Bu maddeyle, tüp bebek tedavisinde elde edilen embriyoların araştırma amaçlı kullanılması da engellenmiştir.
2005 ‘te yaş faktörü, embriyo kalitesi ve benzeri tıbbi zorunluluk halleri dışında en fazla 3 embriyo transfer edilmesi kuralı getirilmiş ve saklama süresi 5 yıla çıkarılmıştır. 2010’da yönetmelikte yapılan değişiklikle, çoğul gebeliklerin önlenmesi amacıyla transfer edilecek embriyo sayısı ciddi şekilde kısıtlanmıştır. Yeni düzenlemeye göre, tüp bebek tedavisi gören (evli) kadına “35 yaşa kadar birinci ve ikinci uygulamada tek embriyo, üçüncü ve sonraki uygulamalarda iki embriyo, 35 yaş ve üzerinde tüm uygulamalarda en fazla iki embriyo transfer edilebilir.” 2014’te yapılan değişiklikle yönetmeliğe şu cümle eklenir: “Saklama süresinin bir yılı aşması halinde her yıl embriyonun saklanması için çiftler mutlaka başvuruda bulunarak taleplerinin devam ettiğini ifade eden imzalı dilekçelerini vermelidir.”
Yasal mevzuatta bu gelişmeler olurken, medyadan da dondurulmuş embriyoları konu eden haberler artarak gelmeye başlar.
Antalya’da “3,5 yıl arayla doğan çift yumurta ikizleri”…
Kayseri’de yumurtalık kanseri tedavisi sonrasında 10 yıl önceki tüp bebek tedavisinden elde edilen ve dondurulan embriyolarla hamile kalan bir kadın…
2011’de “boşanma davasında embriyo kavgası” eden bir çift…

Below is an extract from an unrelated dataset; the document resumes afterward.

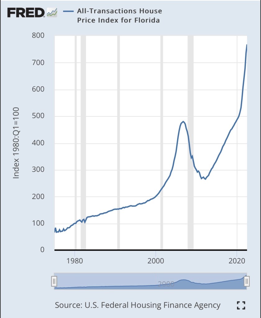 Besides, Florida real estate prices continue to be scary high. Scary, scary, scary high.

Gelin, son örneğe ise yakından bakalım: Uzun yıllar beraber yaşamış olan çift çocuk sahibi olmaya karar verir. Ancak, kadına kanser teşhisi konur ve ileride çocuk sahibi olabilmeleri için kanser tedavisine başlamadan önce tüp bebek yöntemini denemeleri önerilir. Türkiye’de nikâhsız çiftlerin tüp bebek tedavisi görmesine yasal olarak izin verilmediğinden çift evlenir. Kadın kanser tedavisine başlamadan embriyolar elde edilir ve dondurulur. Ancak habere göre, yorucu kanser tedavisi ve bu sırada geçirdiği felç nedeniyle yıprandığını söyleyen kadın, eşinden boşanmaya karar verir. Dava dilekçesinde müşterek çocuklarının bulunmadığını ve maddi-manevi tazminat talebi olmadığını belirten kadın, dondurulmuş embriyolarının da imha edilmesini talep eder. Koca ise eşinden boşanmak istemez ve embriyoların imha edilmesine itiraz eder. Mahkeme çifti boşar ve dondurulmuş embriyoları da yönetmelikte belirtildiği gibi boşanma durumunda imha edilir.

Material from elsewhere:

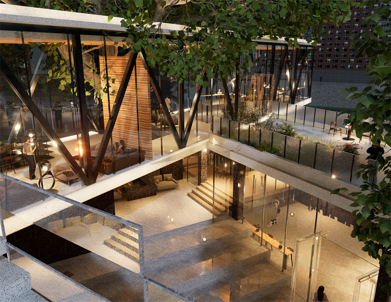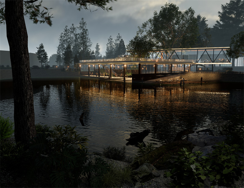 方案总体形态为几条长方形的交叠,在空间上回旋起伏,面向水面拓展景观面。一层下沉空间采用钢梁柱结构,简单干净。二层结构实际上与一层脱开,由两组钢桁架构成的一个长方体借助类似与桥基形态的柱基和两面承重墙支撑,使得大部分空间在人视角看来悬浮在空中。

Tüp bebek teknolojisinin gelişimiyle 30 yıldan fazla süredir vücut dışında gerçekleşen döllenme sayesinde oluşan embriyolar, tahayyüllerimizi zorlayan potansiyelleriyle var olan sosyal, dini, ailevi, akrabalık, hukuki ve etik kategorileri, ilişkileri, normları ve formları zorluyorlar ve bazen de yeniden üretiyorlar. Potansiyel bebek olarak görülen embriyolar umutla dondurulup saklanırken ve/ya başkalarına “evlatlık” gibi “bağışlanırken,”iyi kalitede” olmadıkları için atık olarak görüldüklerinde ise embriyolar gözden çıkarılıyor ve imha ediliyor. Bilimsel araştırmalarda biyolojik materyal olarak üzerinde çalışılan embriyolar, bu araştırmalardan hastalıklarına çözüm bekleyenler için umut kaynağı olurken; boşanma davalarında ise çiftler için anlaşmazlıklara, hukukçular için zor sorulara yol açabiliyor. Bunlar ve nice başka potansiyelleriyle embriyo (özellikle, tüp bebek uygulamalarının genetik bilimiyle kesiştiği alanları da düşünürsek, “kurtarıcı kardeşler” gibi) daha çok kafaları, kavramları, ilişkileri ve tahayyülleri karıştıracak gibi!